Tale of Two Writing Styles

The description in chapter three of the Chawls that Ram and Salim and the Shantarams live in provides a good insight to the novels attitude towards poverty. The selection set in the crawls (and perhaps the out house) is the most intimate description of poor folks in the whole novel. The neighbors have names like Mr. and Mrs. Gokhale or Bapat and humanizing stories. They are not the faceless mothers washing the dishes in sewer water. However this is not a scene of the extreme poverty that the heroes are fleeing or come from but rather a middle class space (albeit on the edge of that category). It is not a place were people “suffer” but rather “simply live” (56). After escaping Maman, this is already a sort of upward mobility for the boys. Especially when one considers the contrast between the boys and the other tenets.

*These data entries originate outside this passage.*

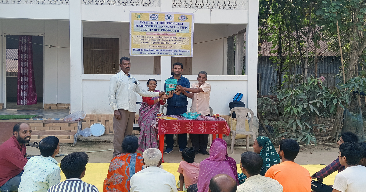 Krishi Vigyan Kendra, Sepahijala, CAU (I), Tripura in collaboration with ICAR-Indian Institute of Horticultural Research (ICAR-IIHR), Hessaraghatta Lake Post, Bengaluru organized “Demonstration on Scientific Vegetable Production” at North Charilam GP, Charilam R.D. block, Sepahijala Tripura on 22nd December. The programme was conducted under the guidance of Dr. Anupam Mishra, Hon’ble Vice-Chancellor, CAU, Imphal. This programme was held with the objective to increase the area under scientific vegetable cultivation of IIHR varieties. The programme was organized under the guidance of Dr Tusar Kanti Behera, Director, ICAR-IIHR, Bengaluru; Dr. A. K. Mohanty, Director, ICAR-ATARI, Zone-VII, Umiam, Meghalaya; Prof. Ph. Ranjit Sharma, Director of Extension Education, CAU (I), Manipur; Prof. Arun Bhai Patel, Dean, College of Fisheries, CAU (I), Lembucherra, Tripura; Dr T. Sakthivel, Principal Scientist (Horticulture), Division of Fruit Crops, ICAR-IIHR, Bengaluru and Dr Shatabhisa Sarkar, Senior Scientist & Head, KVK, Sepahijala.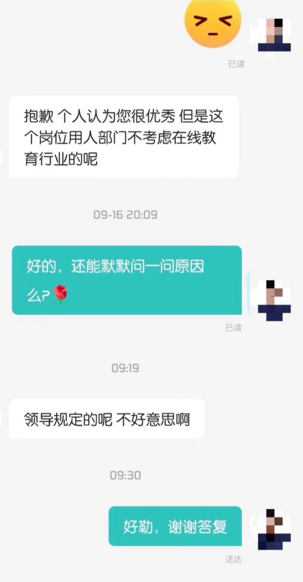 在求职过程中,他最常听到的几句话就是——“不好意思,不招在线教育行业的人”,“这一岗位和辅导老师不同,请慎重投递”。
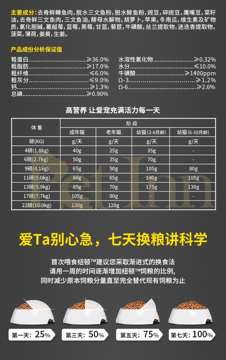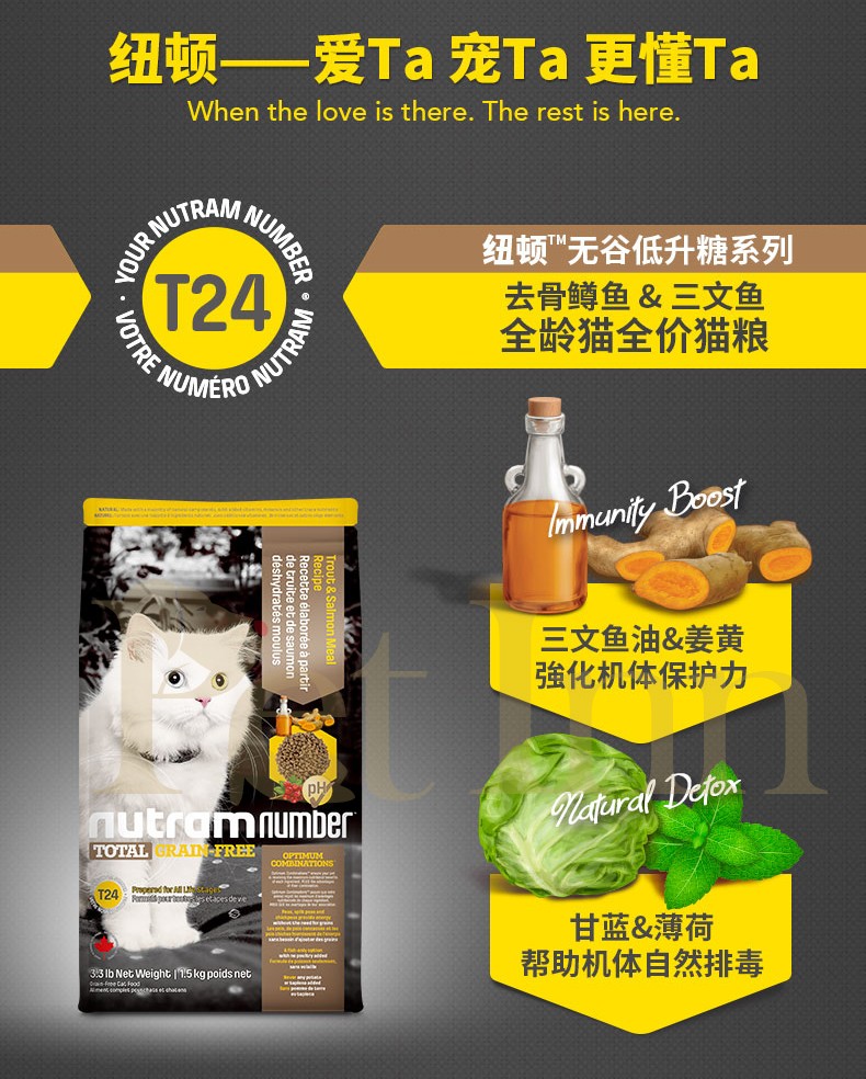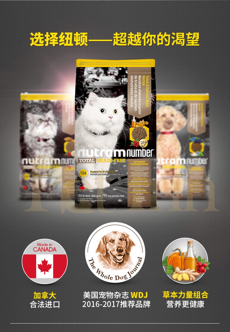 纽顿 猫粮T24 无谷鳟鱼鲑鱼配方 全价全期猫粮 5.45kg

The most obvious is drunken Gudiya’s gradual transformation from middle-class provider into a monster. However there is also the negative portrayal of the girls of the Chawl as fat and stupid (56) or the Bapat’s relationship that swings from domestic abuse to noisy love-making(58). This portrayals avoid that Dickensian pitfall of romanticizing poverty. They do show poverty as damaging instead of ennobling. There is no Bob Cratchit or Tiny Tim preaching forgiveness and generosity of spirit. However in their brevity I worry these portrayals are trite and patronizing and go to the other extreme of dehumanizing the poor. Especially when one considers how Ram and Salim never seemed touched by the grind of lower-middle class poverty of barely holding on that degrades everyone else in the Crawls.

1 comment:

  1. I love the use of Dickensian romanticized poverty as a comparative piece for this prompt. Many of the "set piece" depictions of Dharavi, or even a more generalized poverty, are so distanced and archetypal that they fall short of evoking any level of emotional response. I find it interesting that you chose to concentrate on the names given to the neighbors in chapter three and wonder why you feel that strengthens the human quality of the writer's illustration. The stories are undoubtedly the most effective method used by Swarup to give the audience an emotional conduit through which a connection can be made with the poor.